▶ **WHAT IS NEEDED**
From the entries below, write out exactly the lines between the line holding "Every curve of" and the line holding "第四本《穿进末世守护你》作者:西大秦", inclusive, excluding any pictures.

▶ **DATA SUPPLIED**
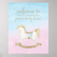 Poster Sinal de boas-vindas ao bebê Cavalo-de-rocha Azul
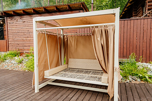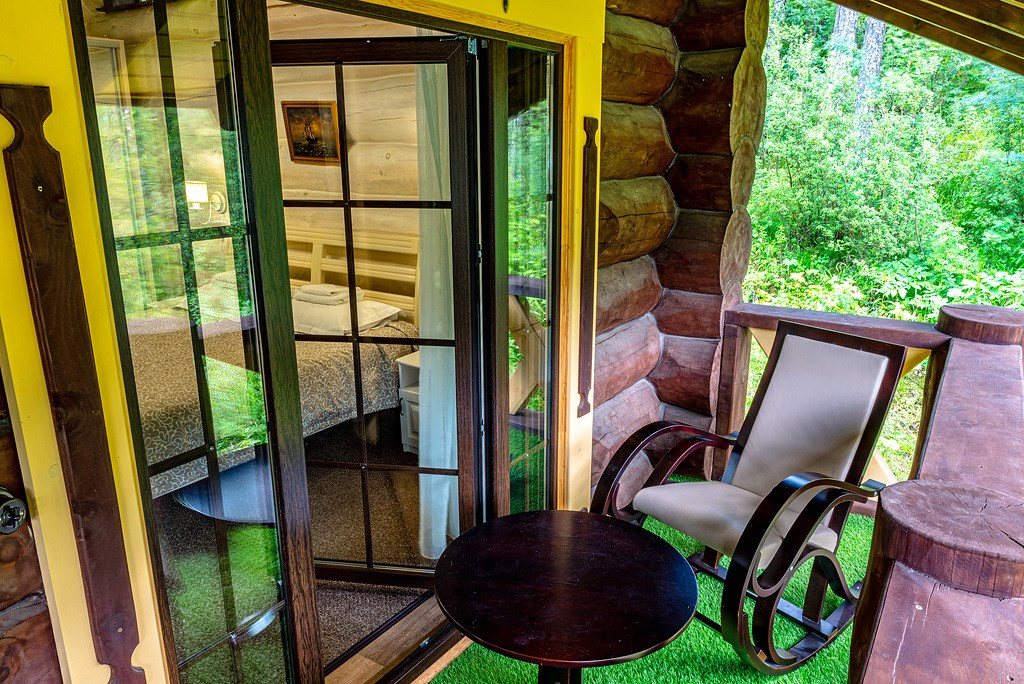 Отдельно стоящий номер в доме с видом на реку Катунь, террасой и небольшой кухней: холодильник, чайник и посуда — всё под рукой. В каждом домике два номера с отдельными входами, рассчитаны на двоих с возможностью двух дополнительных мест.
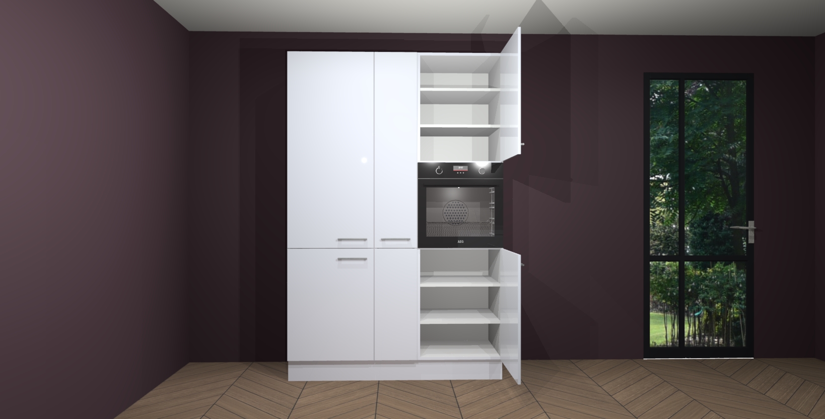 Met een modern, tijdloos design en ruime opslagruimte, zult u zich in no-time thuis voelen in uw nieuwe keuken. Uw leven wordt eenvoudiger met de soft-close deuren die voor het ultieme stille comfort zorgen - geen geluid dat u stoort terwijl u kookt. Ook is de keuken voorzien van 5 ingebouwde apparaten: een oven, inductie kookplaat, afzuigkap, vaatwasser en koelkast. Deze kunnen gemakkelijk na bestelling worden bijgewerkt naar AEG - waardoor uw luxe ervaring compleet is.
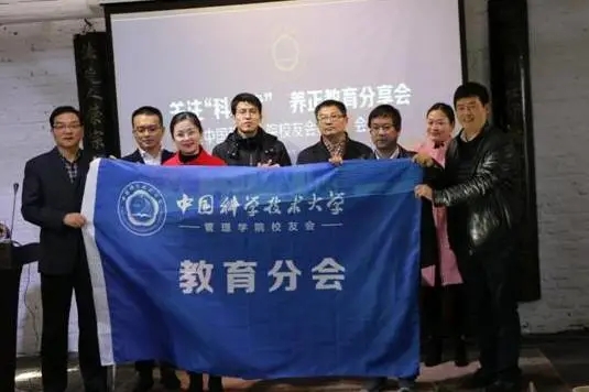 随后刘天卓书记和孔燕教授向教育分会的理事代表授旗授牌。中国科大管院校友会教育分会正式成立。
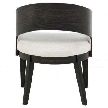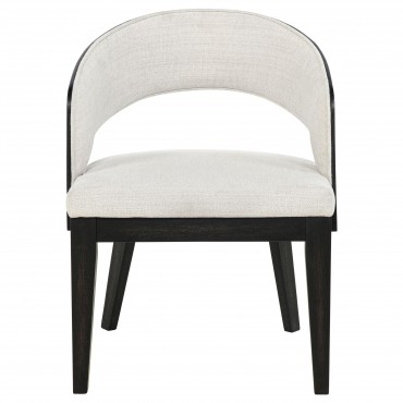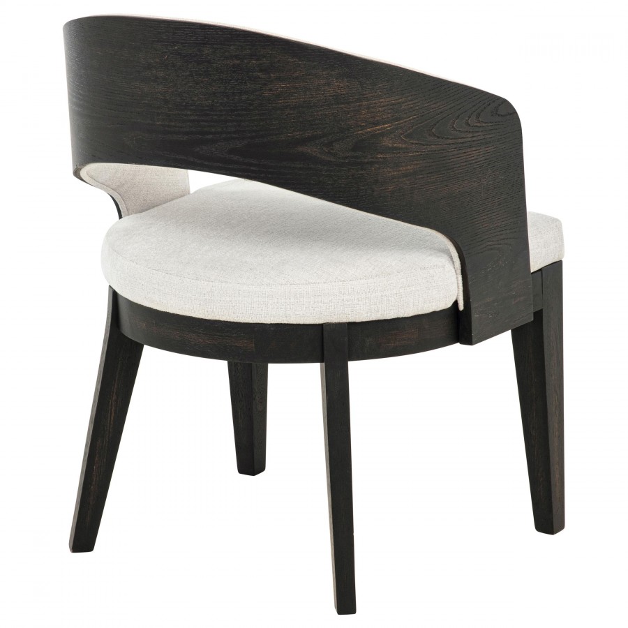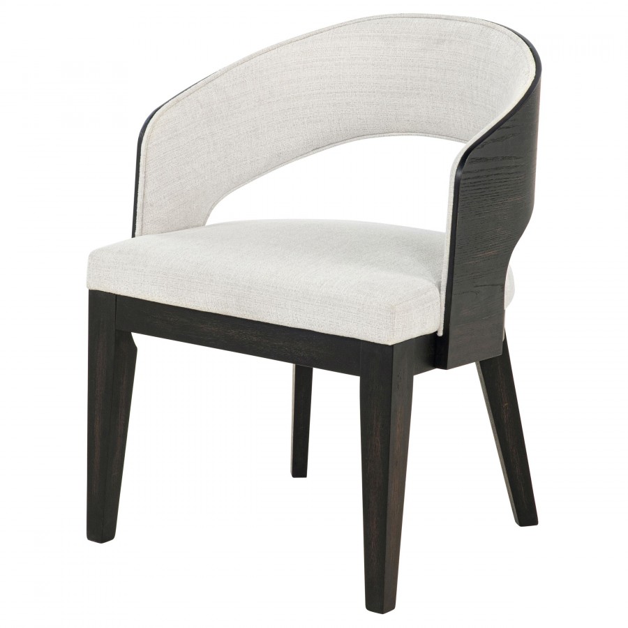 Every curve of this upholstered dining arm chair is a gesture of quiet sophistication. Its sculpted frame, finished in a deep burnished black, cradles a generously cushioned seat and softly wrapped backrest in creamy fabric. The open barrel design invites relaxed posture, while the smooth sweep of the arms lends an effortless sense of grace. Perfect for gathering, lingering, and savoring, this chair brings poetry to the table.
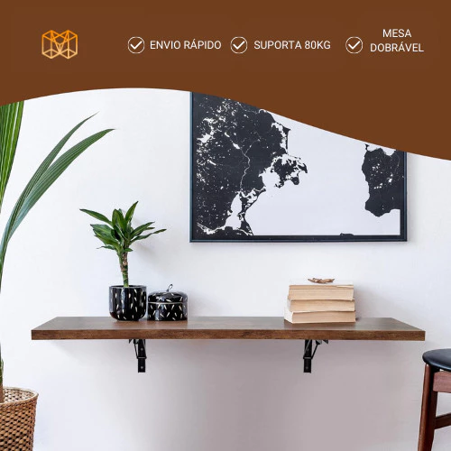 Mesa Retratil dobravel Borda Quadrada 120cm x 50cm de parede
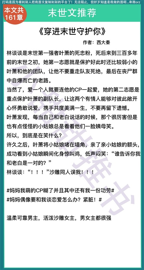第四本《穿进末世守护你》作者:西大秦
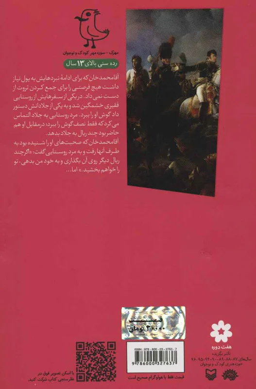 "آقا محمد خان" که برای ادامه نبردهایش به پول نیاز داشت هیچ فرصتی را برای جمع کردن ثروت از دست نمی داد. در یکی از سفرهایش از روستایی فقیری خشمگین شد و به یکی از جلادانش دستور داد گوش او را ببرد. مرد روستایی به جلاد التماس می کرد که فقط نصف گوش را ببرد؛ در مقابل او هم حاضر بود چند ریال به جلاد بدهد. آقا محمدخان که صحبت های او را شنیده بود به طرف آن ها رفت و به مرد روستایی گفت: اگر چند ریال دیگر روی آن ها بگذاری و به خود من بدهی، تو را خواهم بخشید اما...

▶ **ANSWER BOX**
 Every curve of this upholstered dining arm chair is a gesture of quiet sophistication. Its sculpted frame, finished in a deep burnished black, cradles a generously cushioned seat and softly wrapped backrest in creamy fabric. The open barrel design invites relaxed posture, while the smooth sweep of the arms lends an effortless sense of grace. Perfect for gathering, lingering, and savoring, this chair brings poetry to the table.
 Mesa Retratil dobravel Borda Quadrada 120cm x 50cm de parede
第四本《穿进末世守护你》作者:西大秦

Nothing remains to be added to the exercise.